Suddenly, Ran chan appears and helps them escape and they leave for Shin Chan's house, where Shin chan passes all the levels making him capable to accompany Ran chan to Punni-Punni mainland which is located somewhere in China. Masao refuses to go, feeling that he is fit for nothing and leaves tearfully. Suddenly they are attacked by Nohara family's neighbors, who have become members of the Black Panda ramen branch. They escape as master sacrifices himself. Ran chan vows to achieve the magic in the Punni-Punni mainland. They all leave for China except for Shin Chan's friends. There they find the area and meet the Punni-Punni fairy, who asks them questions and eventually Shin chan wins it, but Ran chan loses.

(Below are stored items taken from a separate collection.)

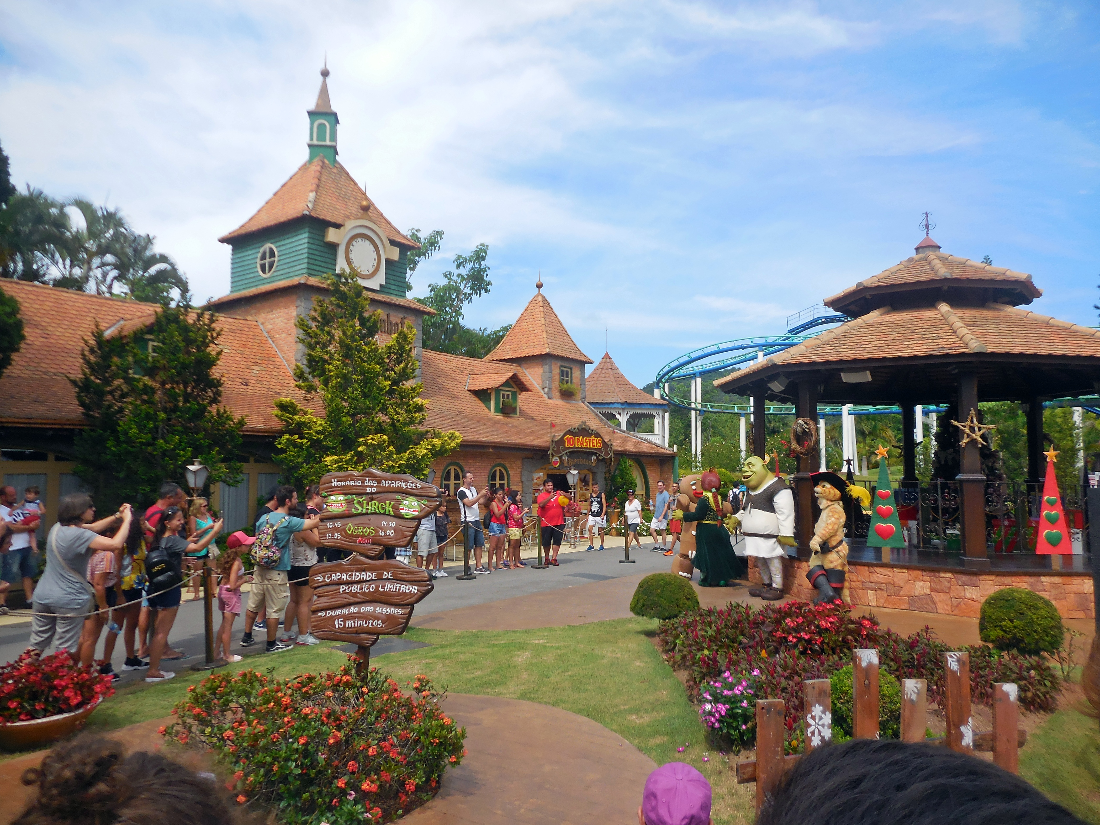 Shrek's Christimas in the Beto Carrero World, in Penha, Santa Catarina, Brazil.
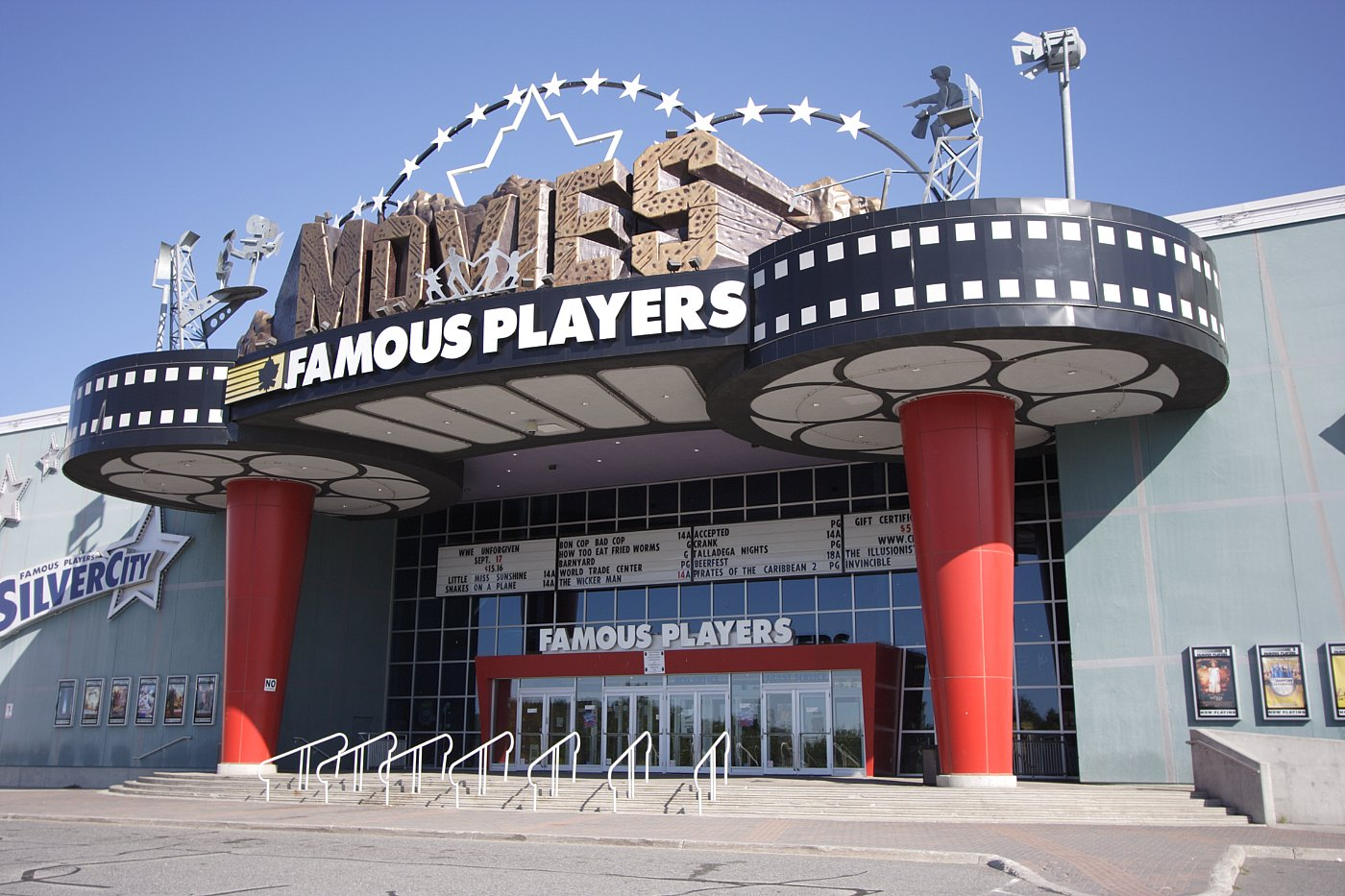 SilverCity
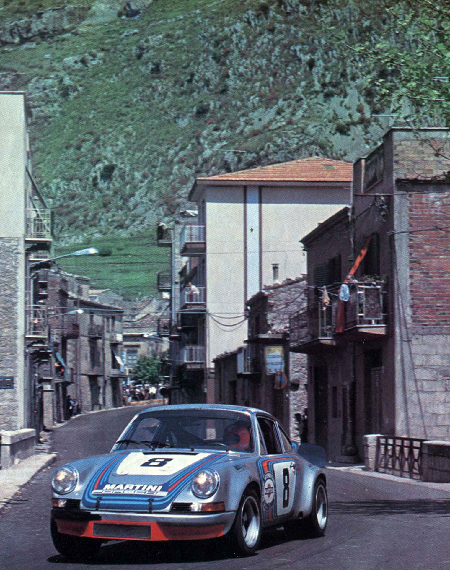 Province of Palermo (Sicily, Italy), "Piccolo Madonie" road circuit, May 13, 1973. The Porsche 911 Carrera RSR 3.0 (Group 5) of Martini Racing Team at the 1973 Targa Florio.
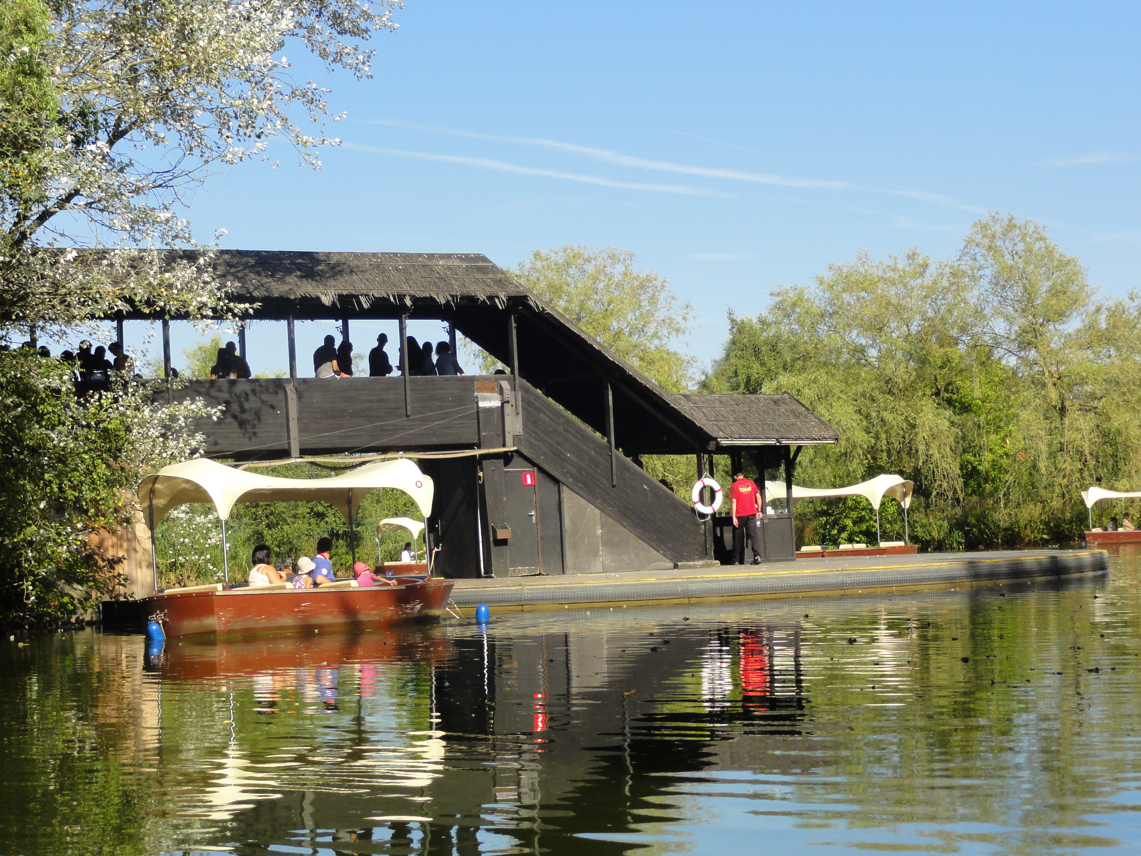 Gold River Adventure, Walibi Belgium, Belgium.
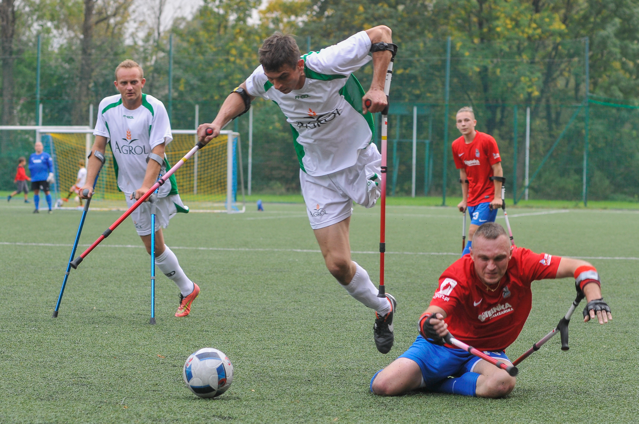 Amp Soccer, Amp football. Amp Fubol Ekstraklasa Poland. League Cup. Amputee football. Sports persons with disabilities
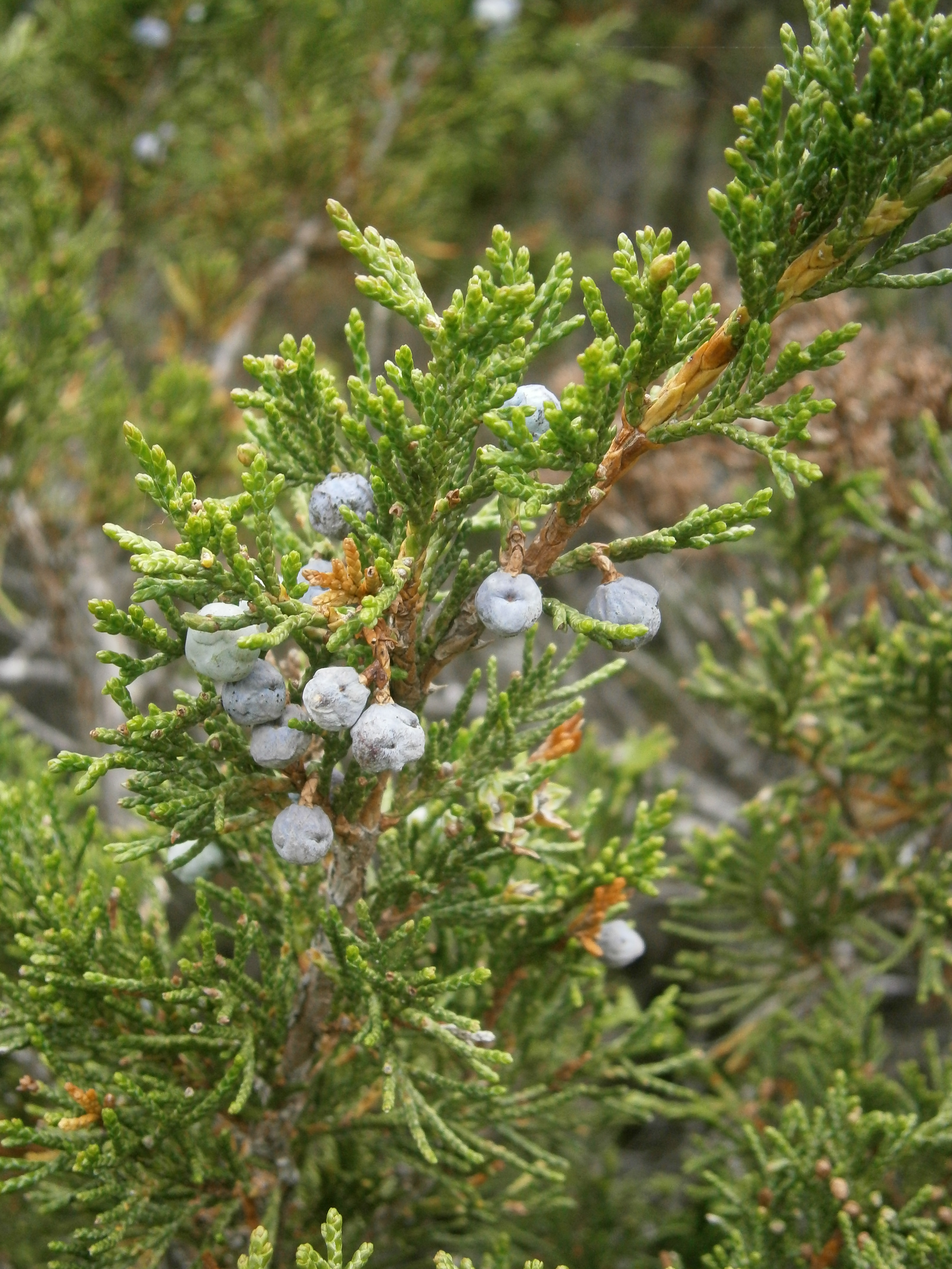 Juniperus sabina in the Parc naturel régional du Queyras, Hautes-Alpes, France
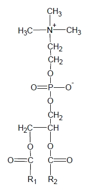 Structure formula of phosphatidylcholine
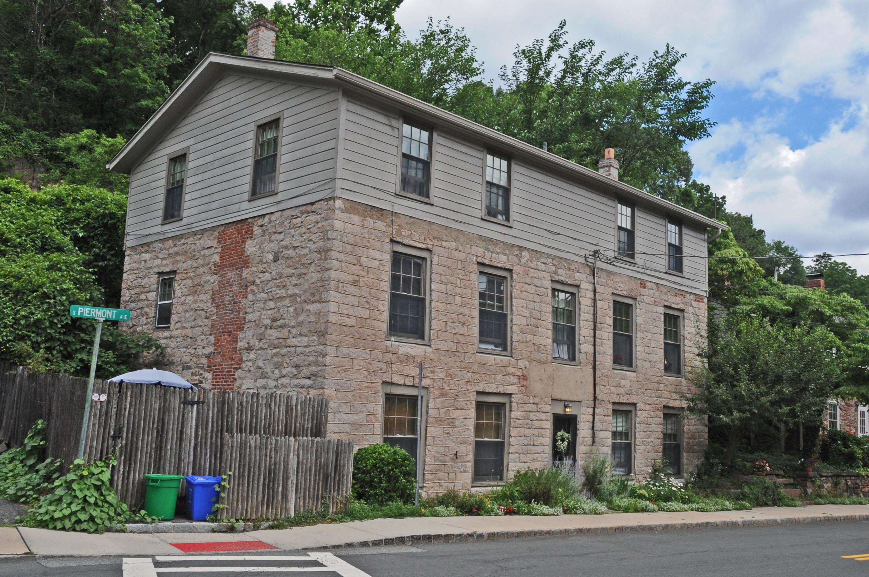 THE BRIDGE IS IN THE CENTER OF THE DISTRICT BUT ALL THE HOUSES SURROUNDING THE BRIDGE ARE PART OF THE DISTRICT WHICH IS THE OLDEST PART OF PIERMONT. THIS HOUSE AT 264 PIERMONT AVENUE WAS BUILT CIRCA 1800 AND IT IS RUMORED THAT AARON BURR SPENT THE NIGHT IN THIS HOUSE AFTER HIS FATAL DUEL WITH ALEXANDER HAMILTON
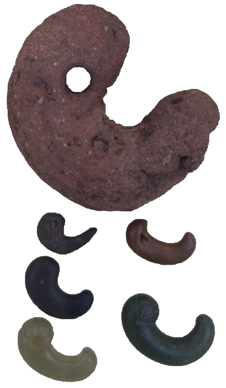 Jomon to 8th Century Magatama, Tokyo Area. Royal Museum, Edinburgh
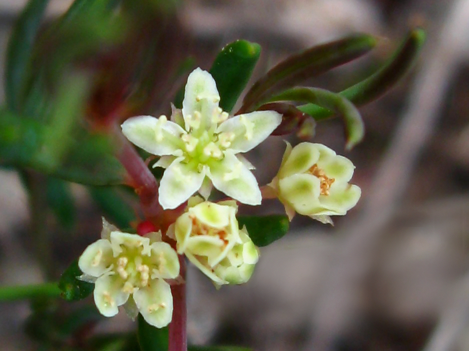 Flowers of Monotaxis grandiflora, taken in Bold Park, Perth, WA.

The fairy tells Ran chan when she questions why he lost that her soul is not gentle because of which he will be unable to bear the strength of the magic. But when Shin chan refuses to drink the potion through which he can attain the magic, Ran chan drinks it up. They return to Kasukabe, and defeat Don Panpan. But due to not having a gentle soul, Ran chan becomes an evil who possess the ability to make everything peaceful. This greatly affects Kasukabe. Soon Shin chan and his friends unite with Masao and team up as the Kasukabe defence group to defeat Ran chan. They use their Jenkaa dance which creates an effect making everyone dance along with it. This makes everyone come normal. Ran chan, who also becomes normal, goes on a world tour on the master's orders. The children bid her goodbye. The movie ends with a song and a picture explaining the full story.

==Cast==
- Akiko Yajima as Shinnosuke Nohara
- Miki Narahashi as Misae Nohara
- Toshiyuki Morikawa as Hiroshi Nohara
- Satomi Korogi as Himawari Nohara
- Mari Mashiba as Toru Kazama and Shiro
- Tamao Hayashi as Nene Sakurada
- Teiyū Ichiryūsai as Masao Satou
- Chie Sato as Bo-chan
- Daisuke Sakaguchi as Yoshirin
- Makiko Ohmoto as Micchi
- Guests
- Tsutomu Sekine
- Megumi Han
- Ryōtarō Okiayu
- Yū Mizushima
- Kōsei Hirota
- Mitsuaki Madono
- Anri Katsu
- Miyazon as Miya Zon

==Music==

===Ending Theme Song===
- Xiao Yi Xiao (笑一笑 〜シャオイーシャオ！〜, Smile)
  - Singer: Momoiro Clover Z

==Box office==
The Anime Film which released on April 13 ranked No. 12 in Highest Grossing film in Japan Box Office for 1st Half of 2018 with Gross Total of US$14.7 million and #27 for Year 2018.

==Home media==
The film was listed in Top-Selling Animation DVDs in 2019 with overall estimated sales of 5,042.

The Film aired on TV Asahi on Sunday, April 14 at 10:00 a.m. and earned a 3.1% rating.

== International release ==
It aired in India on June 22, 2024 on Sony YAY! as Shin-chan Movie: Bakumori! Kung Fu Boys.